# Moneymaxing methods? Bitcoin?



## PenileFacialSurgery (Nov 21, 2019)

Looking to learn or have discussion. Need that LeFort 3 and orbital box Osteotomy


----------



## CupOfCoffee (Nov 21, 2019)

PenileFacialSurgery said:


> Looking to learn or have discussion. Need that LeFort 3 and orbital box Osteotomy


Just make a well designed deep web site and sell shit that you don't even have to gullible


----------



## KEy21 (Nov 21, 2019)

edit: actually im not going to give illegal advice


----------



## PenileFacialSurgery (Nov 21, 2019)

CupOfCoffee said:


> Just make a well designed deep web site and sell shit that you don't even have to gullible





KEy21 said:


> Pay Ahmia.fi to bump certain keywords like “counterfeit” for you to the top of their search engine
> 
> Make an elaborate website with a long FAQ about your passion, authenticity and realness then go over it with Grammarly before posting it.



I mean something that doesn’t take effort, thanks 🙏


----------



## KEy21 (Nov 21, 2019)

PenileFacialSurgery said:


> I mean something that doesn’t take effort, thanks 🙏


High effort 
High risk
High money 

High effort
Low risk 
Low money 

Low effort 
Low risk
No money


----------



## Cretinous (Nov 21, 2019)

PenileFacialSurgery said:


> I mean something that doesn’t take effort, thanks 🙏



even the least technical/craft involved avenue of scamming, e-whoring, still involves considerable effort and patience. You're not going to learn anything, go get a fucking McJob already kid.


----------



## PenileFacialSurgery (Nov 21, 2019)

KEy21 said:


> High effort
> High risk
> High money
> 
> ...





Cretinous said:


> even the least technical/craft involved avenue of scamming, e-whoring, still involves considerable effort and patience. You're not going to learn anything, go get a fucking McJob already kid.


ive already made 3k ewhoring, just want something else tired of dick pics


----------



## Cretinous (Nov 21, 2019)

PenileFacialSurgery said:


> ive already made 3k ewhoring, just want something else tired of dick pics



well you're already at the lowest tier in terms of effort/technical ability.

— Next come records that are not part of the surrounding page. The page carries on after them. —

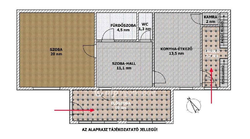 - vegyes burkolatok: parketta és mettlachi padló, csempézett helyiségek
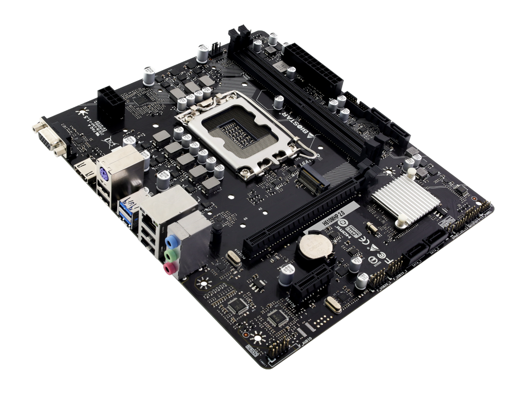 A placa-mãe Biostar H610MHP se destaca por sua abordagem focada no desempenho, oferecendo armazenamento eficiente com 4 conectores SATA e um slot M.2 versátil. Equipada com 2 slots DIMM DDR4 Dual Channel com suporte para até 3200 MHz e capacidade máxima de 64 GB, ela garante um desempenho poderoso da memória interna.
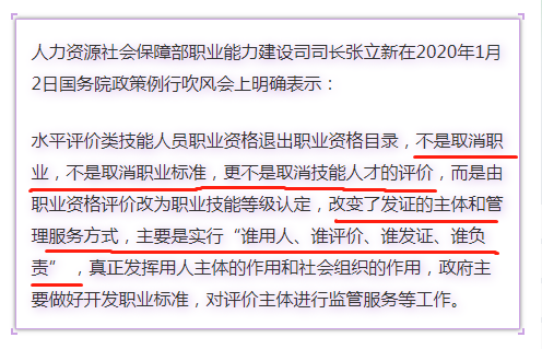 而是职业资格评价改为职业技能等级认定,发证主体由政府变为用人单位和相关社会组织,实行“谁用人、谁评价、谁发证、谁负责”的原则。
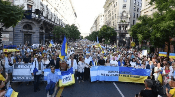 La marcha “Estamos con Ucrania” fue convocada por la Representación Central Ucrania en la República Argentina y contó con el apoyo de distintas organizaciones y dirigentes políticos.
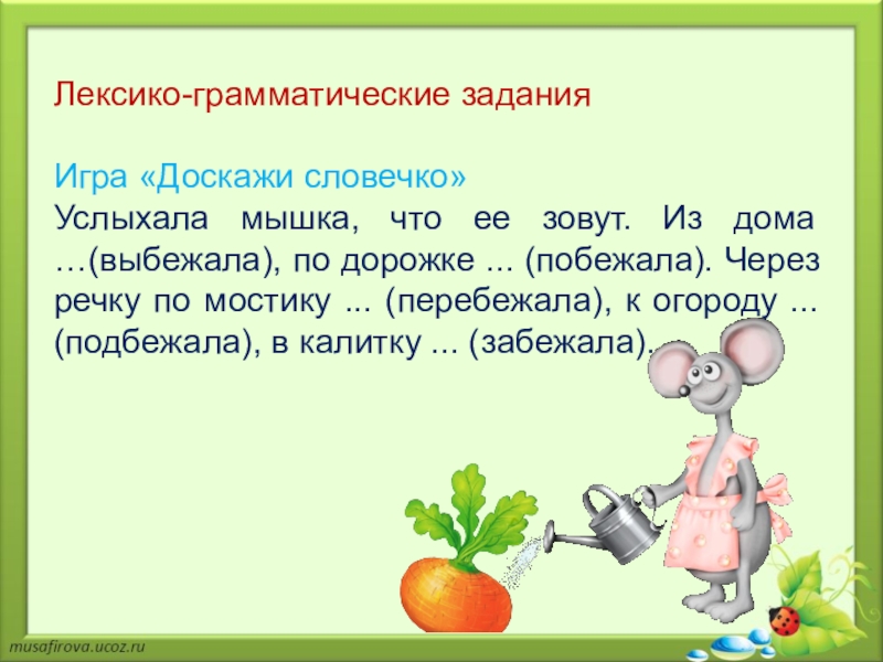 дома …(выбежала), по дорожке ... (побежала). Через речку по мостику ... (перебежала), к огороду ... (подбежала), в калитку ... (забежала).

What you want isn't there. Either change your attitude and learn some skill, or accept a shitty but low effort job. Its the exact same problem we all face in every area of life.


----------



## PenileFacialSurgery (Nov 21, 2019)

Cretinous said:


> well you're already at the lowest tier in terms of effort/technical ability. What you want isn't there. Either change your attitude and learn some skill, or accept a shitty but low effort job. Its the exact same problem we all face in every area of life.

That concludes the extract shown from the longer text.